Neste outono cinzento e frio,
dobram os sinos de vento
que você pendurou 
nas varandas do meu coração.

O som adocicado,
assoprado pelo roçar dos leques
desperta a ternura dos anjos.

Em bandos, eles vêm vigiar o meu sono,
inquieto,
ou espreitar os meus pesadelos, mais funestos.

Sonho com pássaros ardendo em chamas.
Flores abrindo-se em pétalas, feridas.
Mil-cores desmaiadas
pelas aléias dos meus jardins,
  mim interiores.

Uma mulher imponente, surge numa biga romana,
puxada por porcos.

Vestida de negro,
uma condenada se debruça sobre uma ossada
(clandestina)
e recolhe artelhos femures crânios
braços antebraços joelhos
Arruma-os num carrinho de mão
e sai a empurrá-lo pelas ruas de Belém,
com a indiferença cúmplice de toda a cidade.

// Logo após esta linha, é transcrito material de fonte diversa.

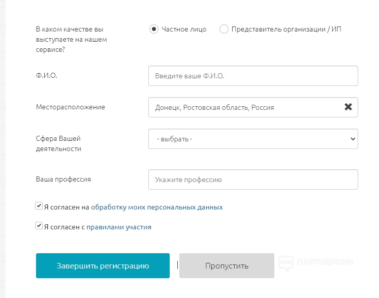 Для завершения регистрации необходимо заполнить анкету. Для этого тип лица (частное или ИП), Ф.И.О., месторасположение, сферу деятельности и свою профессию.
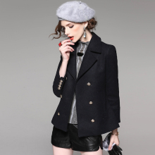 西装领短款毛呢外套女秋冬双排扣短装小款羊毛呢子大衣加厚小香风
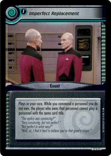 Plays in your core. While you command a personnel you do not own, the player who owns that personnel cannot play a personnel with the same card title.
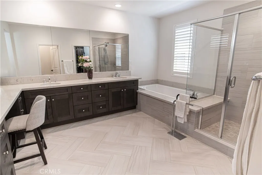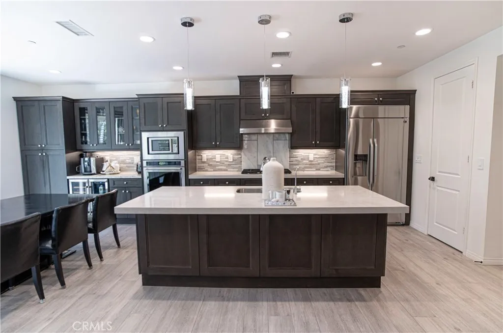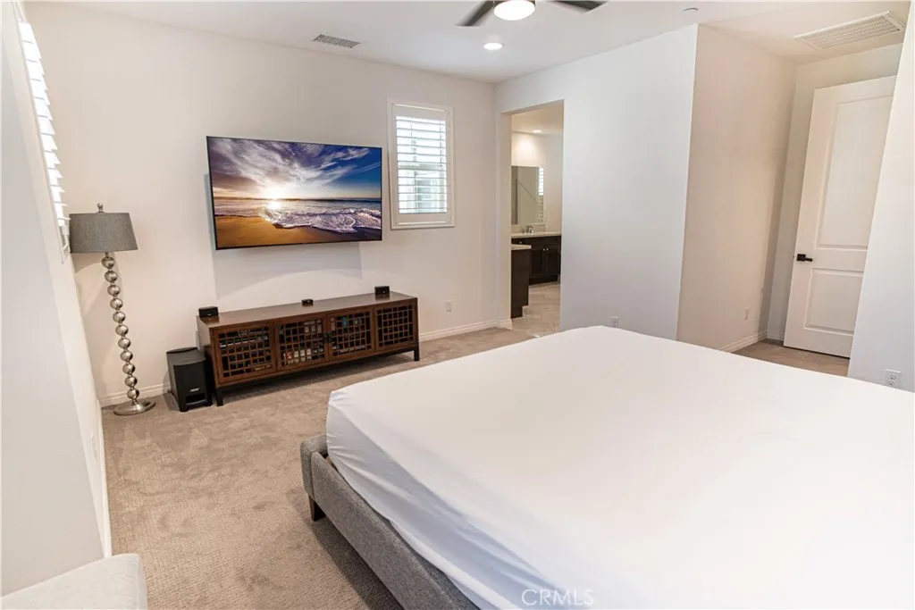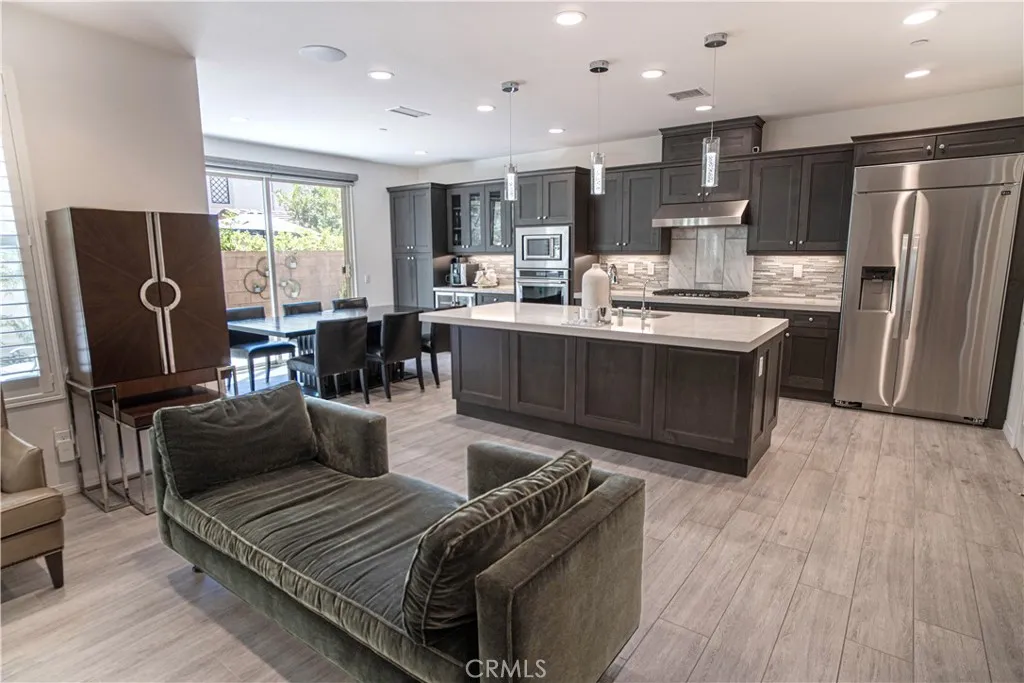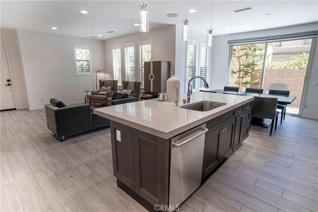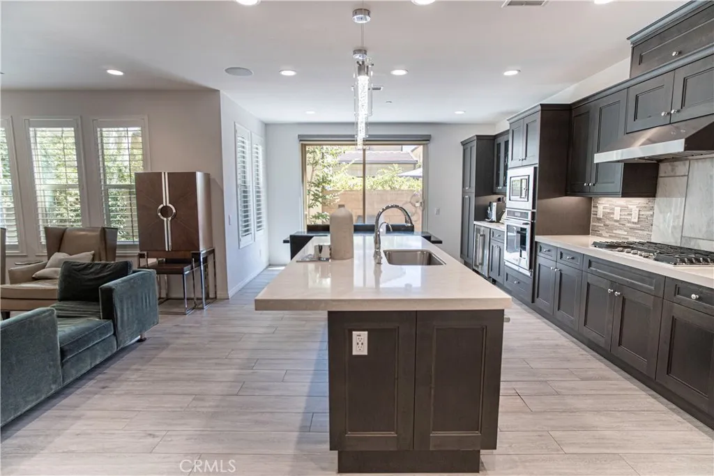 Step into this beautifully upgraded 4BD, 3BA residence offering 2,237 SQFT. of elegant living space in the sought-after community of Portola Springs. The bright, open layout welcomes you with expansive windows and stylish flooring throughout the main level. Perfect for entertaining, the living and dining areas seamlessly connect to the chefs kitchen, which features Quartz countertops with a full designer backsplash, a center island with bar seating, stainless steel appliances including a 5-burner cooktop, built-in wine cooler, and a spacious walk-in pantry. Every detail has been thoughtfully curated from plantation shutters and custom paint to recessed LED lighting, ceiling fans in each bedroom, a tankless water heater, and built-in garage storage. The luxurious primary suite with walk-in closet, and spa-like bath with dual vanities, separate makeup station, soaking tub, and oversized shower. The home also offers a main-floor bedroom with a full bath, ideal for guests or multi-generational living. Enjoy California indoor-outdoor living with a private patio perfect for gardening, relaxing, or dining al fresco. Residents of Portola Springs enjoy resort-style amenities, including sparkling pools and spas, parks, tennis and basketball courts, and playgrounds. Conveniently located near award-winning schools, shopping, dining, and entertainment, this home offers both elegance and everyday convenience

Um homem nu, vem ao meu encontro,
montado em um cavalo vermelho
com uma máscara de canibal.


Mas o sonho mal não termina ainda:
os homens do frigorífico me arrancam nua da cama
amarram meus braços e tornozelos,
e me enfiam num varapau.

Me exibem como um troféu, balançando minhas vergonhas, até chegarem ao matadouro.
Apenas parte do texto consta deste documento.